The data generation flow of the dbPTM is briefly depicted in Figure 1. The data generation flow comprises the three major components: integration of external known PTM databases, learning and prediction of PTM sites, and structural or functional annotations. The experimentally validated PTM data sources were extracted from Swiss-Prot (3), Phospho.ELM (1) and O-GLYCBASE (4). The experimentally verified PTM sites were used to generate computer models to further identify putative PTM sites against the Swiss-Prot proteins.
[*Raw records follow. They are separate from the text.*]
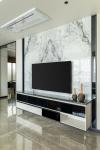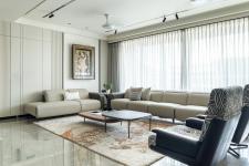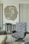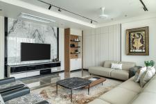 The living area transforms into a cozy media zone—a direct response to the client’s lifestyle. A recliner sofa anchors the space, while soft beige tones wrap around the walls, furniture, and rug, exuding calm and cohesiveness. Accent chairs, with their bold patterns, add a graphic punch, breaking the monotony with effortless style. A sculptural art piece paired with fluted panels offers a sense of curated minimalism, while the touch of marble elevates the luxurious undertone. Bathed in natural light, the room feels grounded yet luminous.
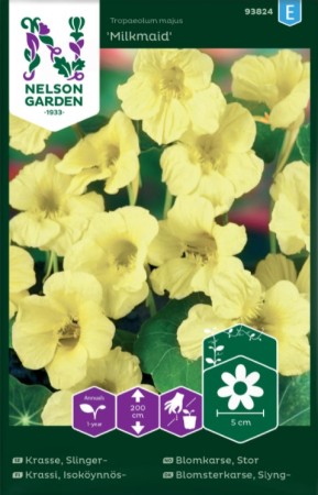 Ljuvligt cremegula blommor med gyllene mitt. Fin att odla i t.ex. ampel, balkonglåda, mot spaljé och som marktäckande växt. Blommorna går att äta, dekorativa i sallader.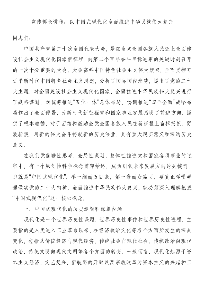 / 宣传部长讲稿:以中国式现代化全面推进中华民族伟大复兴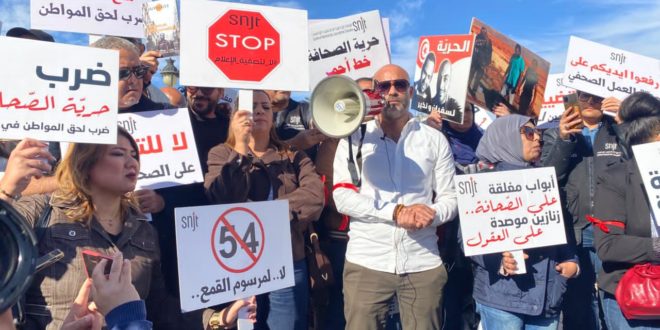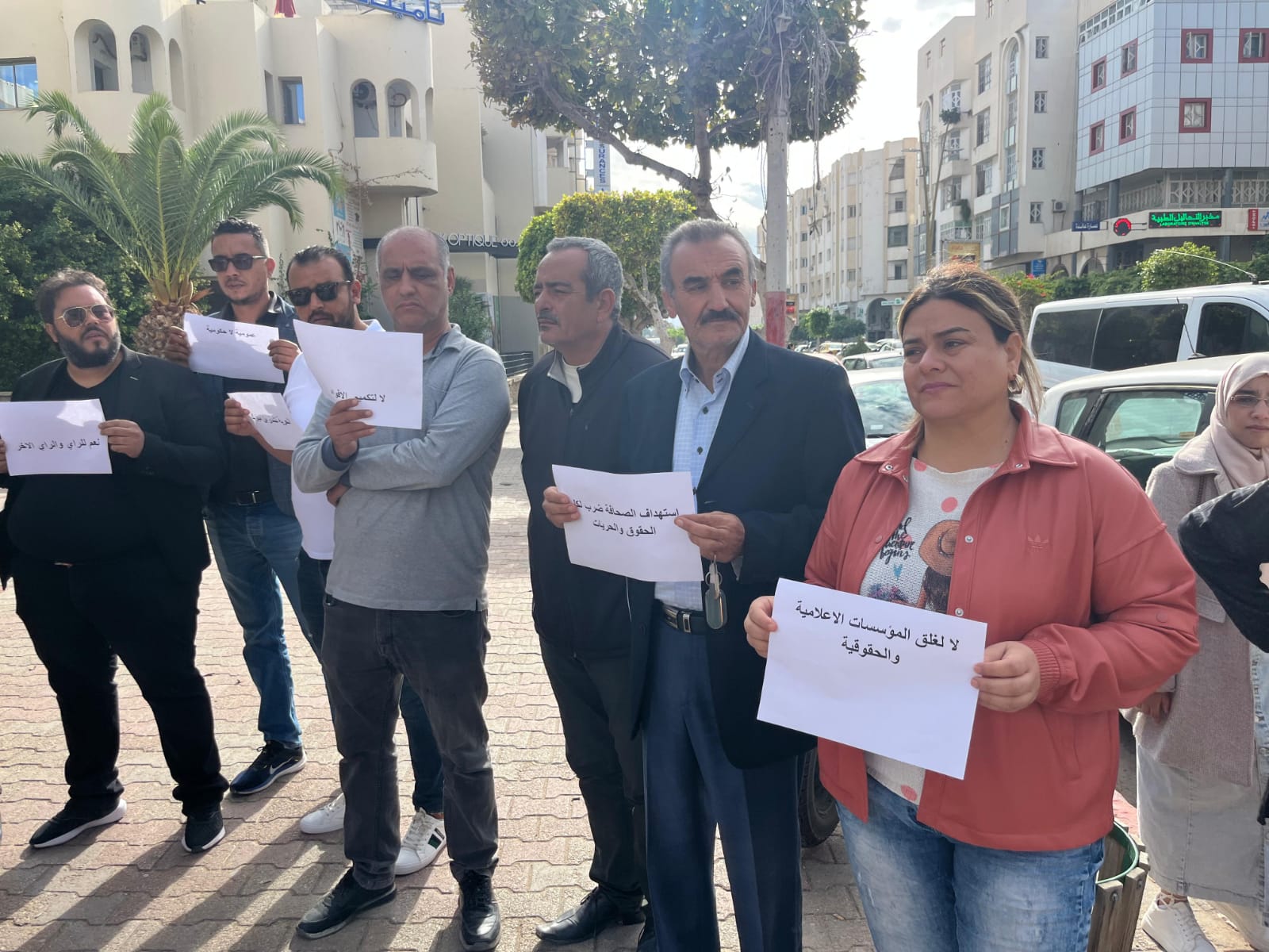 ورفع المحتجون خلال الوقفة سلسلة من الشعارات الرافضة للتضييق على المهنة، من بينها: “الصحافة ليست جريمة”، “الصحافة خطّ أحمر”، “تشغيل خريجي معهد الصحافة حقّ مش مزية”، “لا لتصفية الإعلام”، “أبواب مغلقة على الصحافة… زنازين موصدة”، “منع المعلومة ضرب لحق المواطن”، “لا لمرسوم القمع 54”، “ارفعوا أيديكم عن حرية العمل الصحفي”.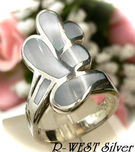 - シルバー925銀のシェル貝殻入り リングtypeK[ブルー]11号ラスト1個/シルバージュエリーALL50%OFF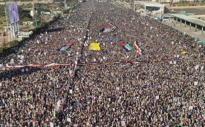 مسيرات مليونية في صنعاء والمحافظات اليمنية”ثابتون في الموق.. مع غزة حتى النصر”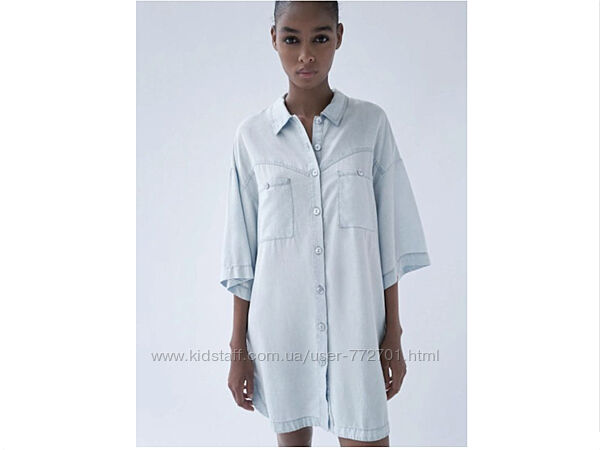 Подробное описание: Модное летнее платье рубашка оверсайз, с карманами, от Zara. М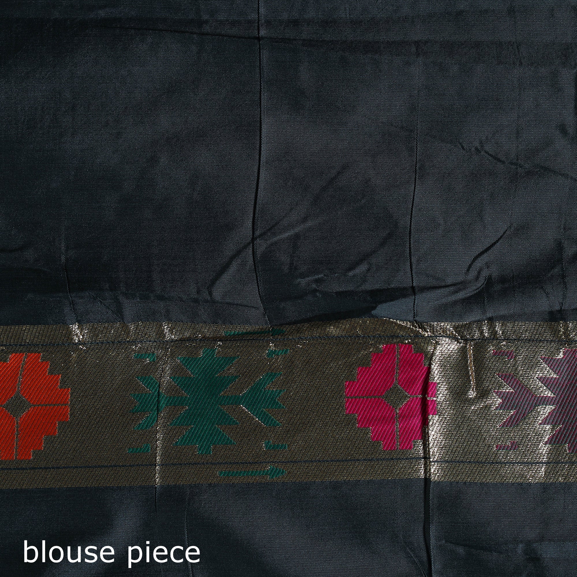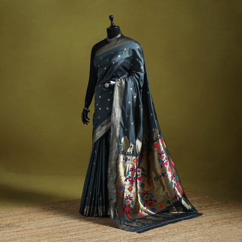 Grey bangalore silk paithani saree features exquisite zari weaving in gold and silver threads, showcasing traditional motifs like peacocks and lotuses inspired by mythological tales. Its vibrant colors and intricate detailing reflect cultural richness and timeless elegance. Crafted on a bangalore silk base, it exudes regal charm, making it a perfect choice for weddings, occasions and celebrations.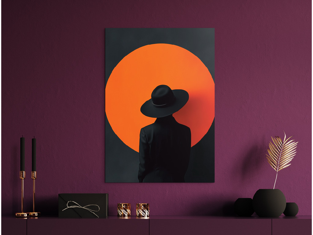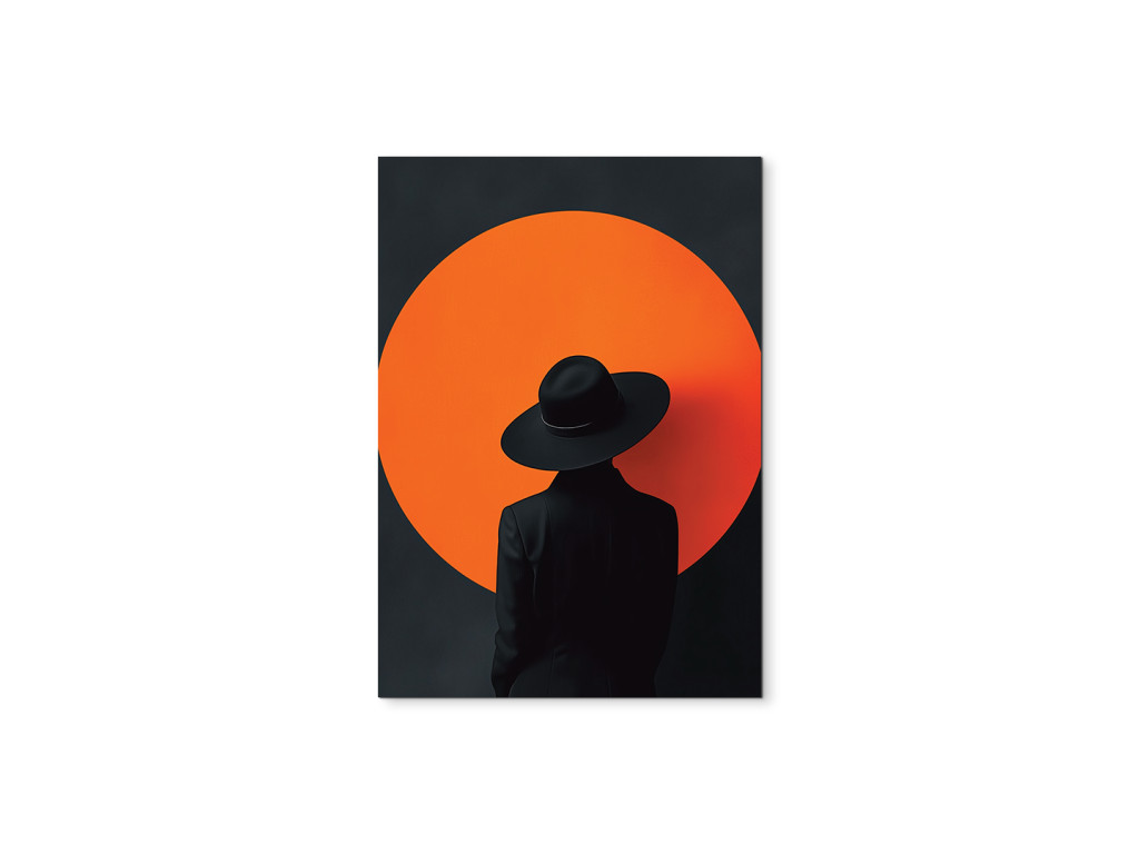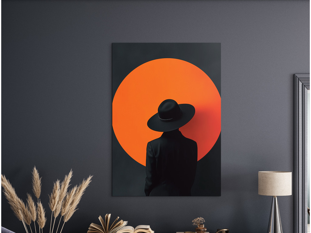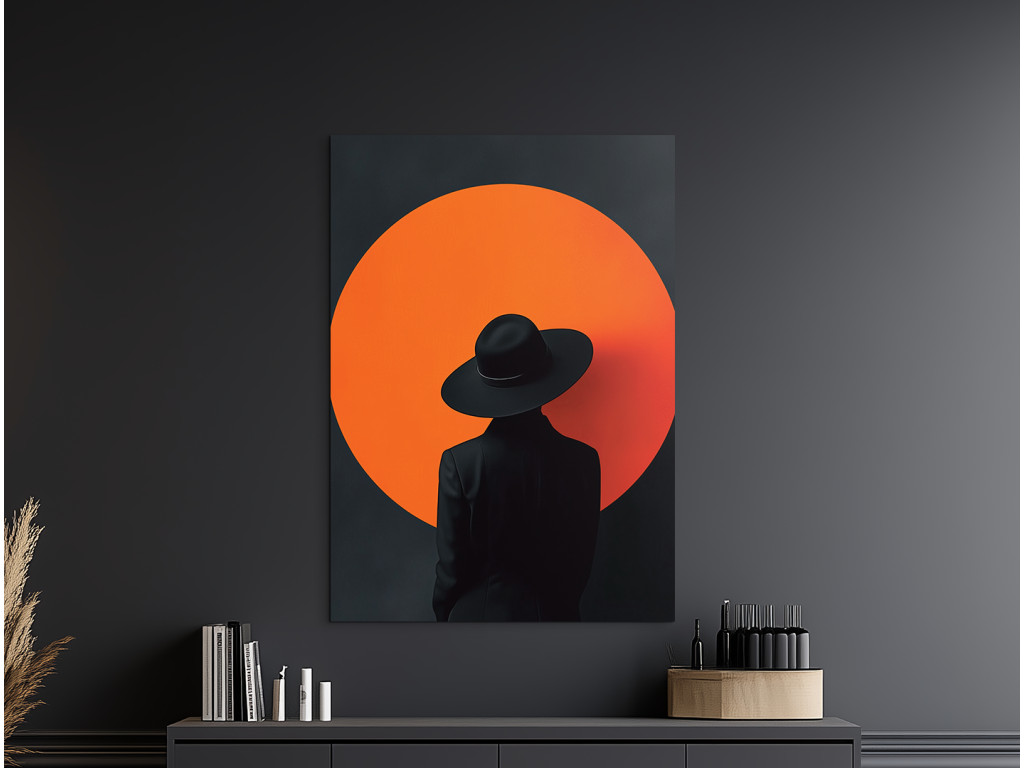 Das minimalistische Bild zeigt die Silhouette einer Frau mit einem Hut, die vor einem auffälligen orangefarbenen Kreis steht, der an die Sonne oder den Mond erinnert. Das Bild verwendet einfache Linien, gedämpfte Farben und den Kontrast zwischen Figur und Hintergrund, wodurch eine elegante und zeitlose Komposition entsteht.

Additional structural properties and functional information, such as protein tertiary structures, protein secondary structures, solvent accessibility of residues, protein functional domains, protein variations and non-synonymous SNP, are also annotated to the Swiss-Prot proteins. The detailed data generation flow is described below.
Figure 1

The data generation flow of the dbPTM database.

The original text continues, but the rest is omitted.